The ping-pong merge algorithm used by the improved patience sorting algorithm described in Patience is a Virtue: Revisiting Merge and Sort on Modern Processors by Badrish Chandramouli and Jonathan Goldstein could also be an interesting candidate: sort the runs by size then merge them pairwise in a first array, then in a second one, then back in the first, etc...
I replaced the « merge-as-you-go » merging strategy by a simple k-way merge algorithm in random-access vergesort: now the vergesort remembers the runs, then merges them pairwise at the very end of the algorithm until there is only one big run left. It improved the performance of the ascending sawtooth and descending sawtooth pattens by ~20% (only tested with integers though).
I may try to implement the merge strategies described above at some point, but the current one is probably enough for most practical uses, so I'm closing this issue.
To ensure that less memory is allocated during the merge operations, we could perform a binary search of the greatest element of the first partition into the second, then a binary search of the smallest element of the second partition into the first. This would yield two merging points defining smaller partitions to merge; and binary search should be the right tool since vergesort ensures that the partitions to merge are big enough.
To reduce the cost of binary search, the first binary would be performed in the smaller partition first, then in the greater partition, replacing its original bound by the newly found merging point.
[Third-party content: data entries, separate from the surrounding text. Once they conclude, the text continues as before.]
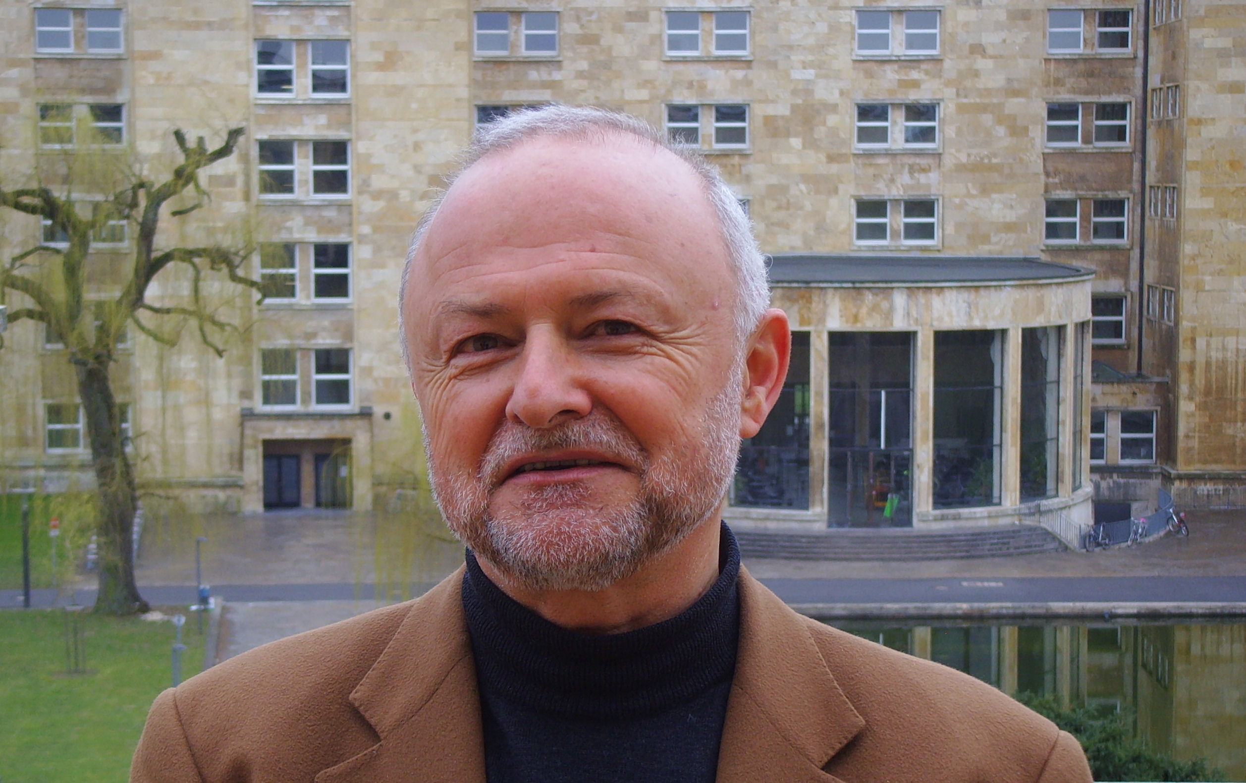 Cesare Montecucco, University of Padua, Full Professor of General Pathology in the Faculty of Sciences.
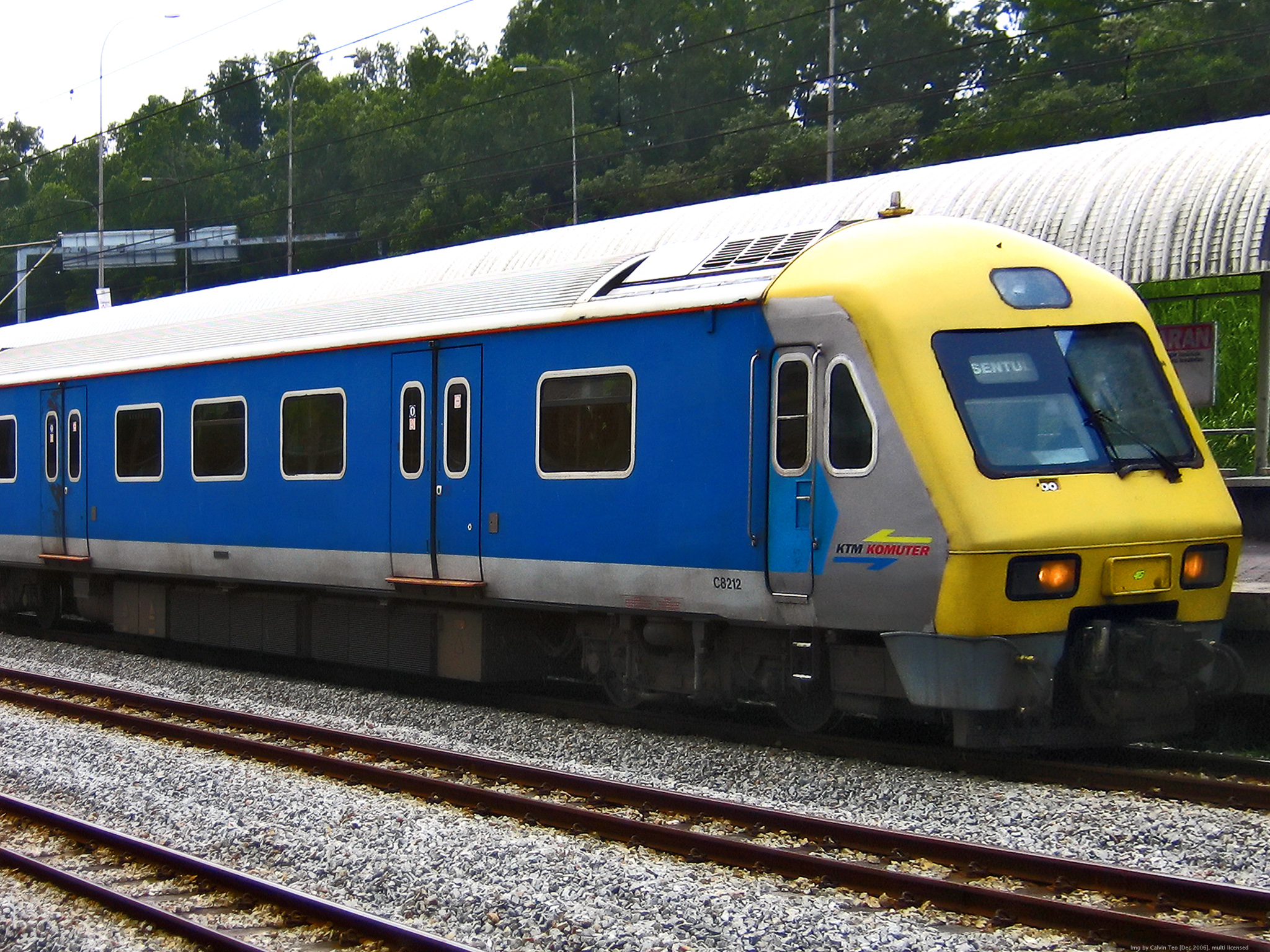 A 3-car KTM Komuter Class 82 EMU (Union Carriage Wagon/Alstom) at Subang Jaya Station on the Sentul-Port Klang line.
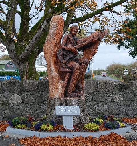 Photograph of a sculpture called The Musician located in Banagher, County Offaly, Ireland.
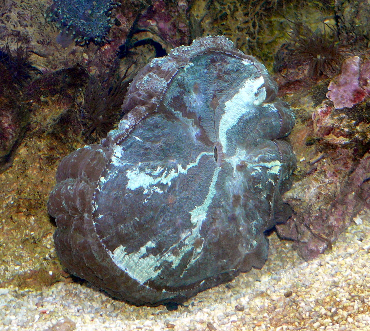 Cynarina deshayesiana, a Stony coral
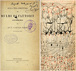 The first illustration by Golgi of a Golgi-impregnated preparation of the nervous system. “Semi-schematic drawing of a fragment of a vertical section of the olfactory bulb of a dog” (Golgi, 1875).
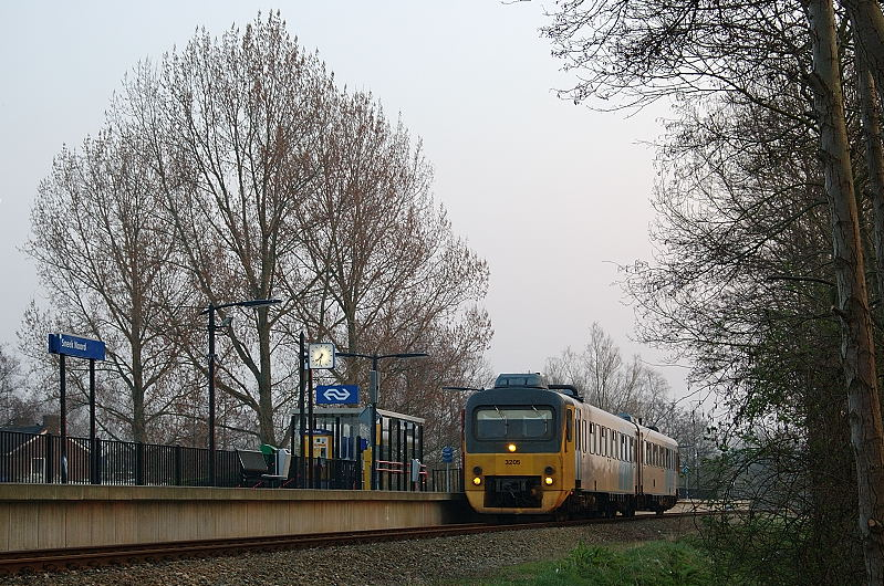 Arriva DMU 3205 'Wadloper' stops at the station of Sneek Noord, heading for Leeuwarden.
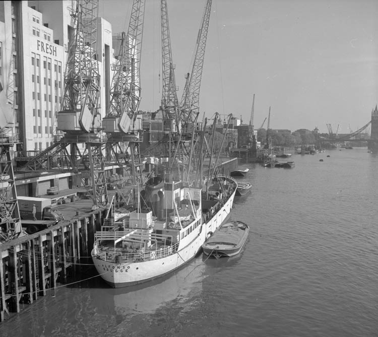 Looking from London Bridge over the Pool of London. Fresh Wharf on the left. Early 1960s.
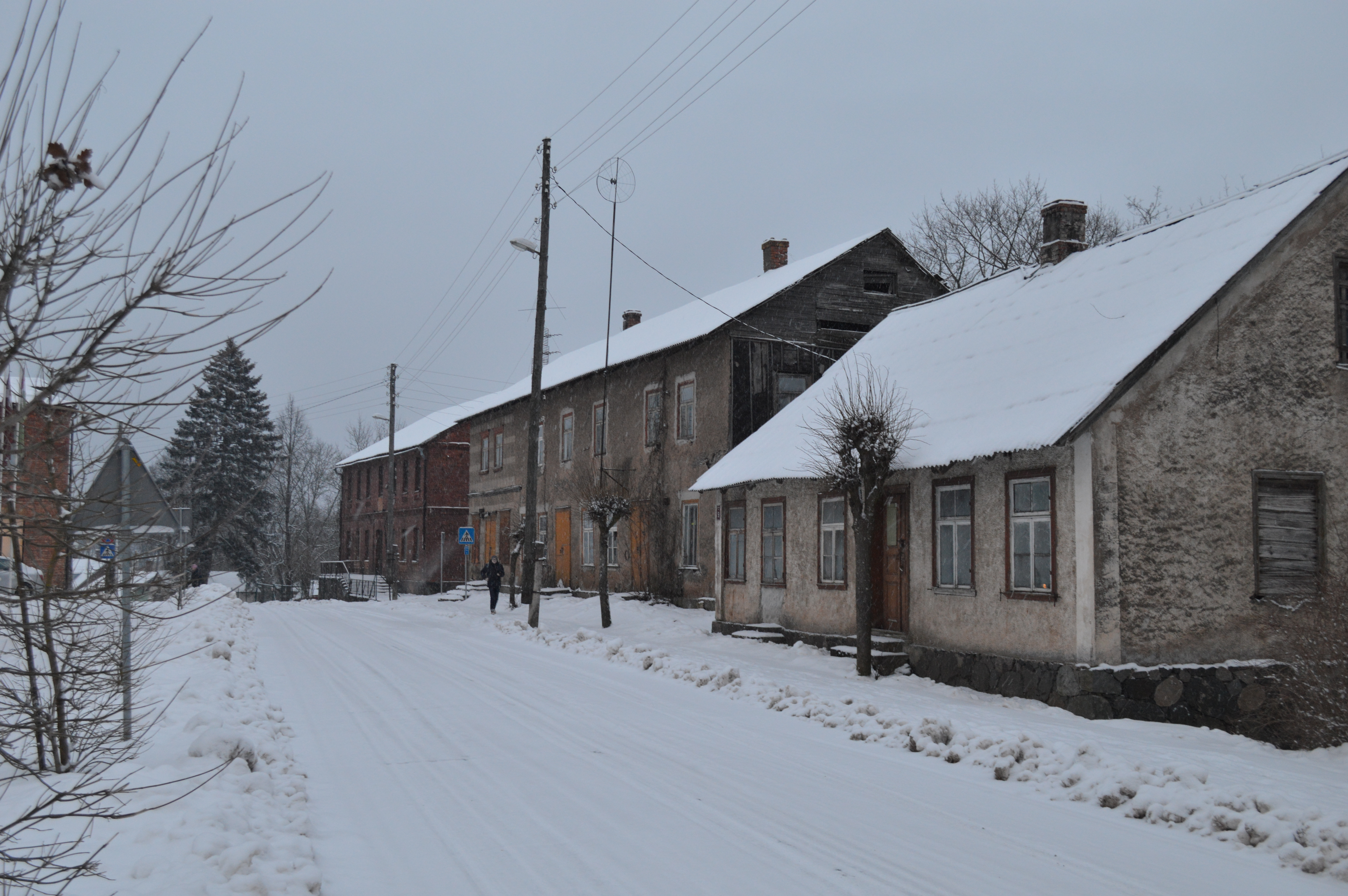 Brīvības street in Viesīte.
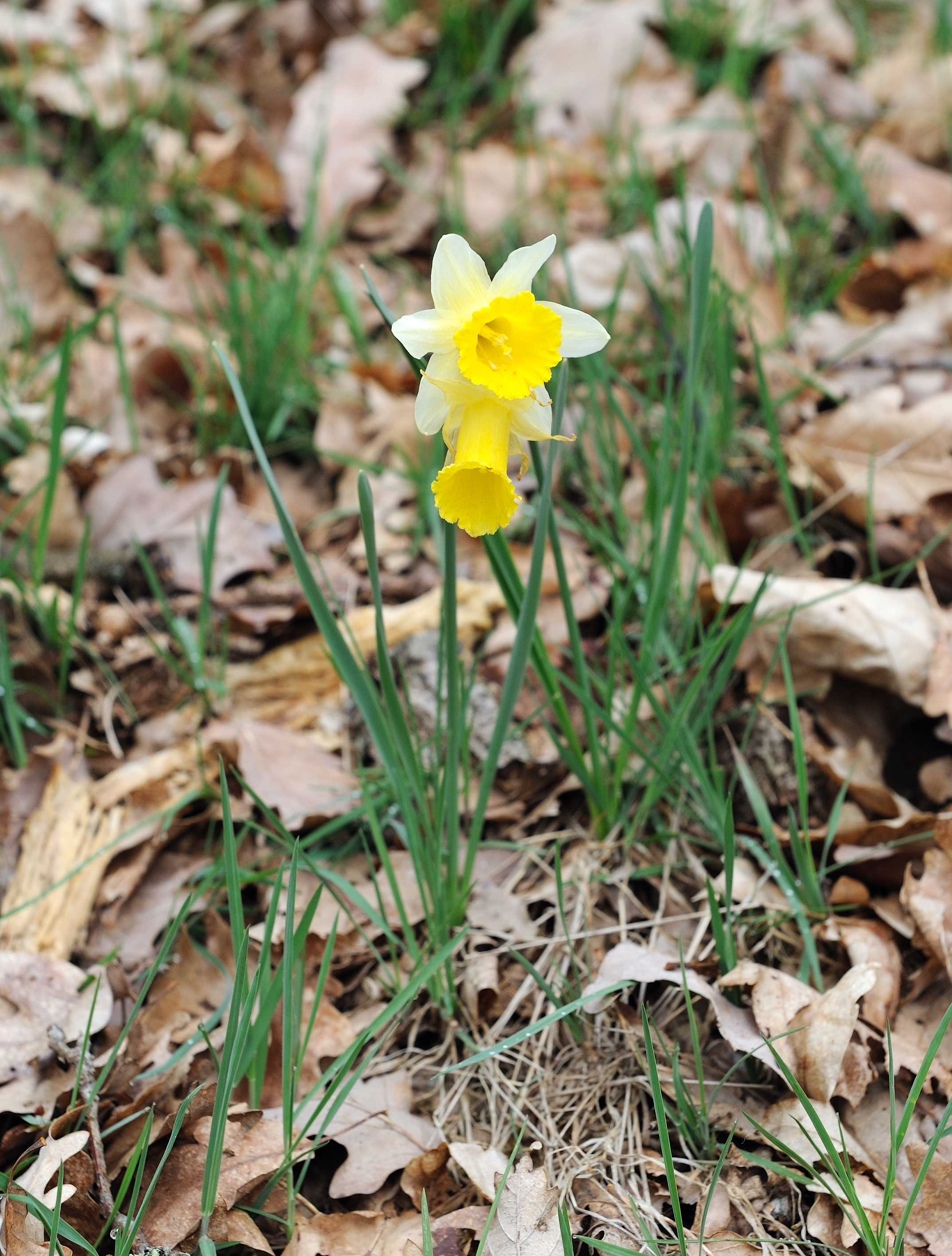 Luxembourg, Lellingen: Wild daffodil (Narcissus pseudonarcissus).
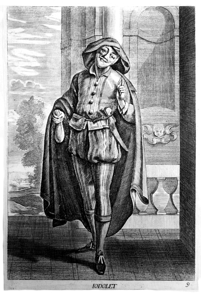 Jodelet (c. 1590 – 1650), French comic actor
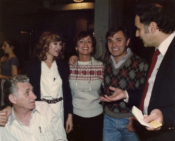 Carmon Dance Company from Israel, when performing in New York.
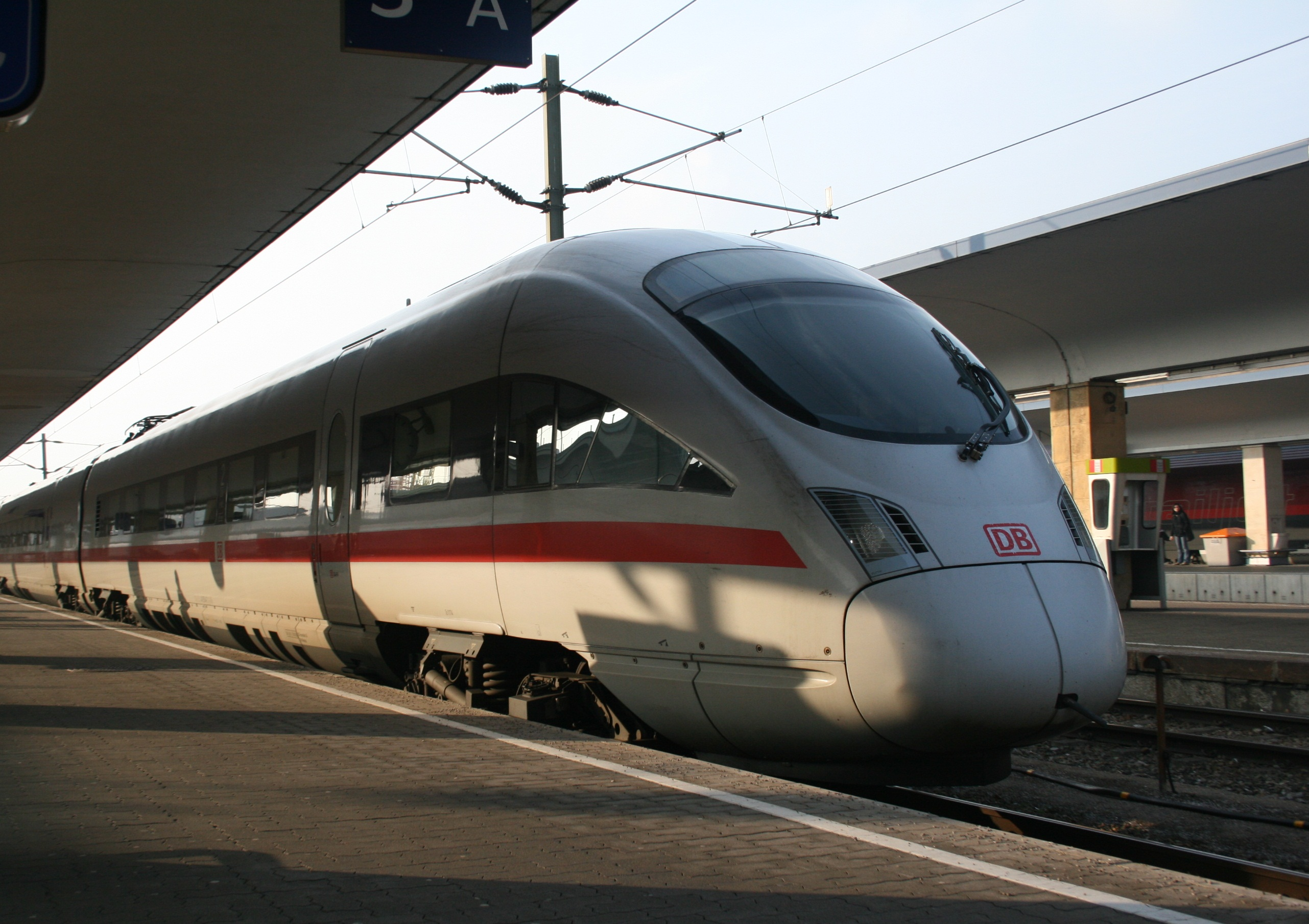 An ICE-T train in Vienna Westbahnhof
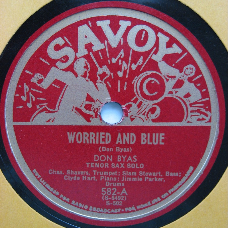 savoy records shellack 78
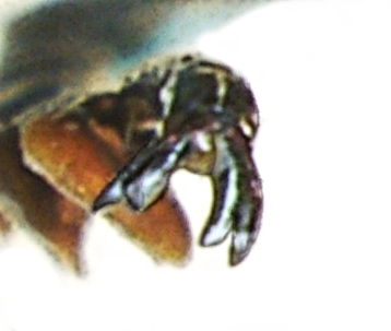 Claw of Coraebus florentinus
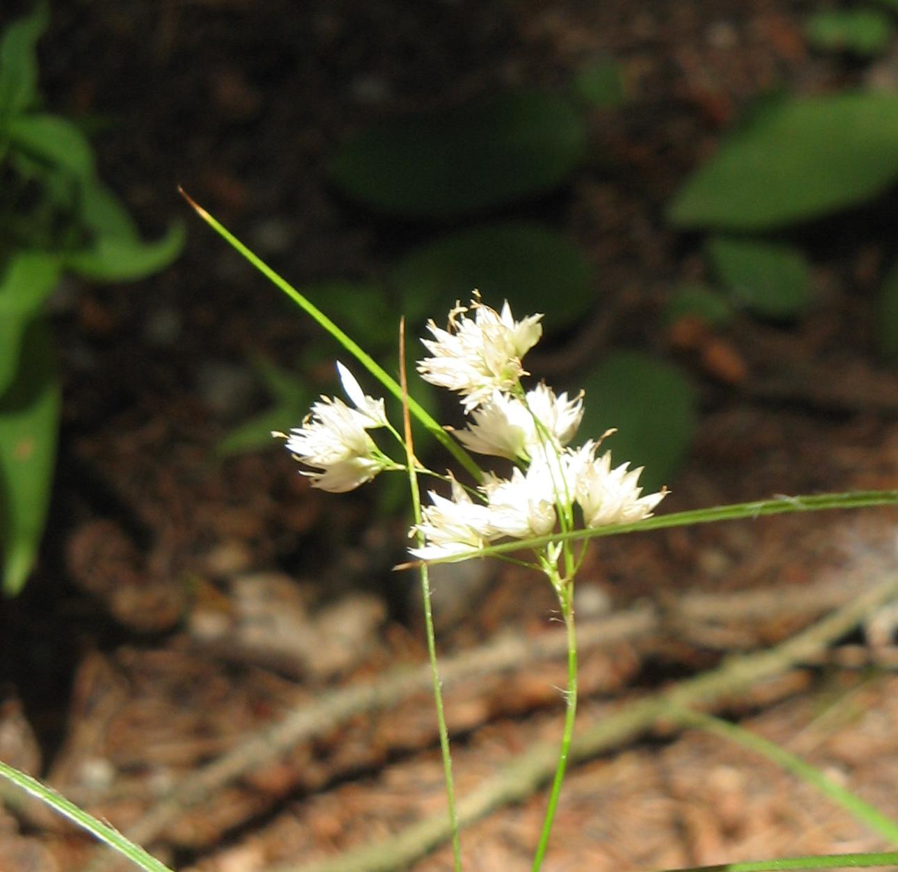 Luzula nivea
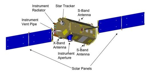 Illustration of the deployed OCO (Orbiting Carbon Observatory) spacecraft (image credit: NASA)
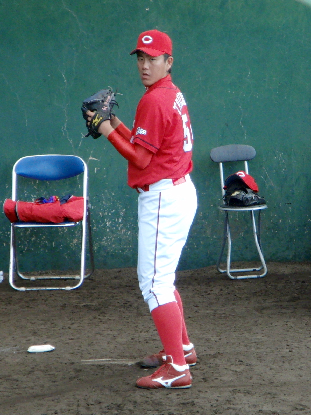 Hisashi Takeuchi, pitcher of the Hiroshima Toyo Carp, at Gannosu Baseball Ground.

Seeing how the current inplace_merge
implementation works, this would surely reduce the amount of allocated memory in some scenarios.
Right now, the merging scheme used by vergesort is pretty dumb: sorted subsequences are merged on the fly when they are found or generated. The only subtlety occurs when the algorithm has three successive subsequences to merge, in which case it merges the middle subsequence with the smallest of the two remaining subsequences first then merges the result with the remaining subsequence.
Instead, the algorithm could sort and reverse subsequences on the fly and only merge everything in the end. To do so, it could store iterators that denote the beginning of the different sorted subsequences in a list (at most log n iterators, so the additional memory footprint shouldn't be too high), then compute the length of the subsequences and merge them all, starting with the smaller ones. This merging algorithm sounds like a O(n²) algorithm; I hope the cost will be dwarfed by the actual cost of merging.